Today I had a temper tantrum.  I became impatient with all of the little things, like one child’s barely worn clean clothes thrown in the laundry anyway, another child’s barely worn clean clothes found on the floor, and a waist belt that broke as I was walking out the door.  I didn’t kick and scream, but I cursed and sulked.  Then I took a little self-imposed time out.

When these thankfully short-lived outbursts occur I immediately regret that I am teaching my children that it’s OK to repudiate the very coping skills I work so hard to inculcate in them.  It’s so easy to tell them, “breathe…, in through your nose, out through your mouth,” and then forget it when it’s my turn to calm myself.

And then, almost every time, I emerge from time out to find things like this:

moments1

A poetry writing contest broke out during my hiatus.

moments2

One entry even included a drawing.

My pout somehow draws out my kids’ creative side.
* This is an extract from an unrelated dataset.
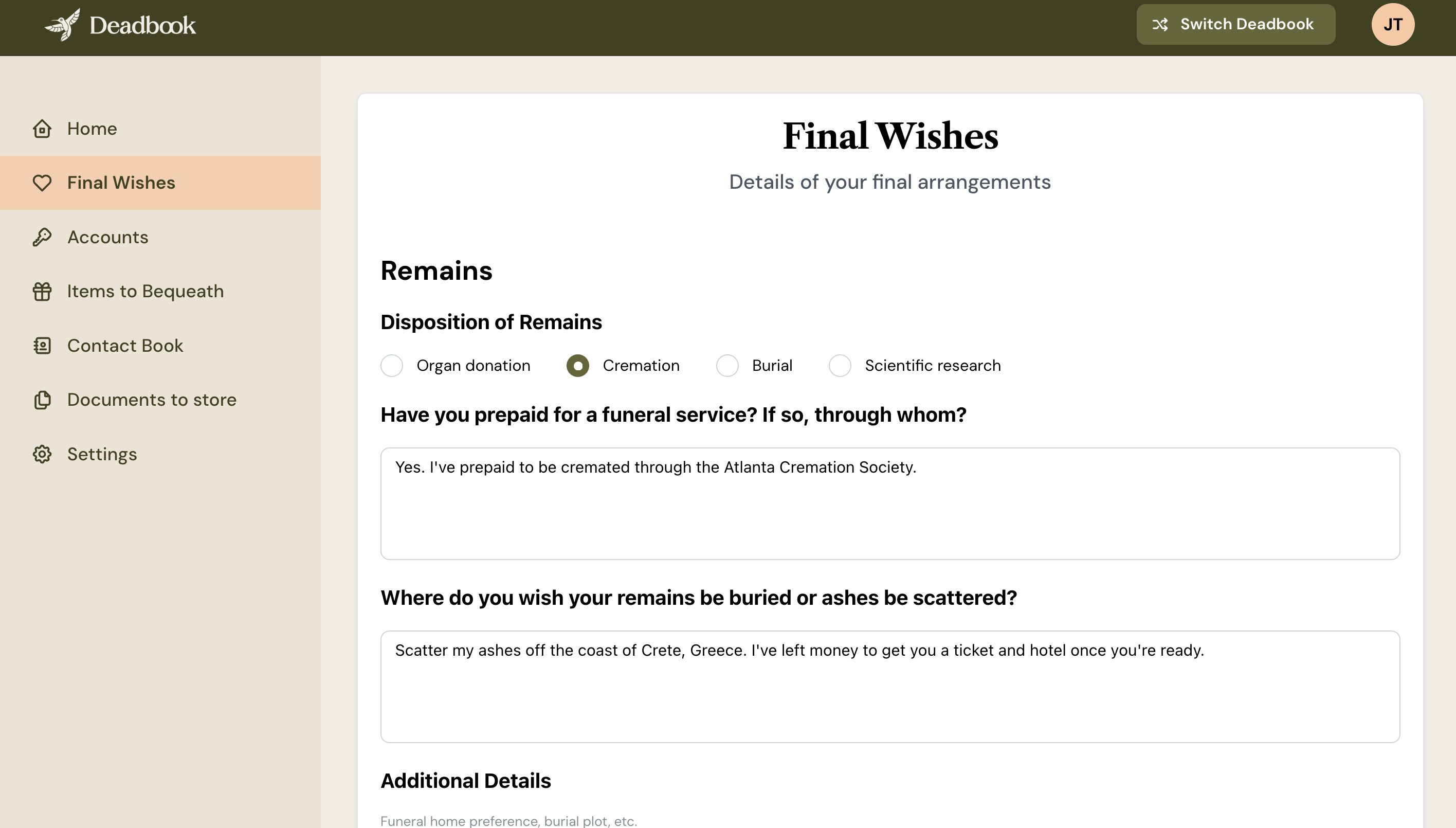 The company, which took its name from Tripp’s mother’s own deadbook, initially launched as a physical product brand with a book that could be filled out by those organizing their affairs. But they kept getting one big resounding piece of feedback: People wanted a digital deadbook.

And my heart melts.

Is it possible that a small loss of control on my part causes them to build a little more independence, gain a bit more maturity, and delve a little deeper into their own survival ability? If not often done, could that actually be a good thing, or at least an offset? Could I reasonably console myself that they do learn a lesson from my tinged halo: that nobody’s perfect, but that as long as apologies are made, forgiveness granted, and recovery and rejuvenation follow, then it’s really OK?